Words from Others on this Topic
There is nothing worse than a brilliant image of a fuzzy concept.
I will contend that conceptual integrity is the most important consideration in system design. It is better to have a system omit certain anomalous features and improvements, but to reflect one set of design ideas, than to have one that contains many good but independent and uncoordinated ideas.
– Fred Brooks, The Mythical Man-Month: Essays on Software Engineering, 1975
In most people’s vocabularies, design means veneer. It’s interior decorating. It’s the fabric of the curtains and the sofa. But to me, nothing could be further from the meaning of design. Design is the fundamental soul of a man-made creation that ends up expressing itself in successive outer layers of the product or service.

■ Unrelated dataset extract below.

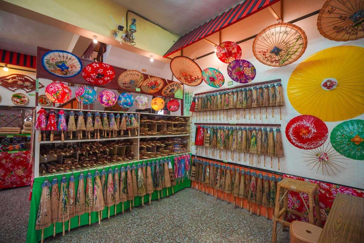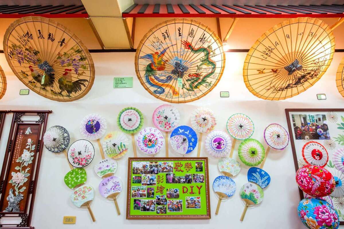 美濃民俗村建築結合菸樓與合院,濃縮了美濃的客家文化,園區內可欣賞及親手DIY製作傳統手藝油紙傘、陶藝手拉坯、磨製擂茶、品嘗古早味的清冰與客家美食。走進美濃民俗村,彷彿置身客家農村中,入口處左右邊各有牛車輪、石磨等古早農村造型的小水池,更添古色古香的氛圍,讓人流連忘返。圖片來源:高雄旅遊網

– Steve Jobs, “Apple’s One-Dollar-a-Year Man”, 2000
The whole difference between construction and creation is exactly this: that a thing constructed can only be loved after it is constructed; but a thing created is loved before it exists, as the mother can love the unborn child.
– G. K. Chesterton, Appreciations and Criticisms of the Works of Charles Dickens, 1911
…system architects act as storytellers. They keep alive the promise and vision of the future system, which is particularly valuable during the confusing early periods of a project.
If you imagine a cookbook, each page usually starts with a promise of what the outcome will look like (in the form of a seductive picture), and then it includes a suggested recipe for making it. It does not merely throw a recipe at you, forcing you through the steps to discover the outcome on trust. It sets your expectations first. In computer programming, and in management, we are not always so helpful.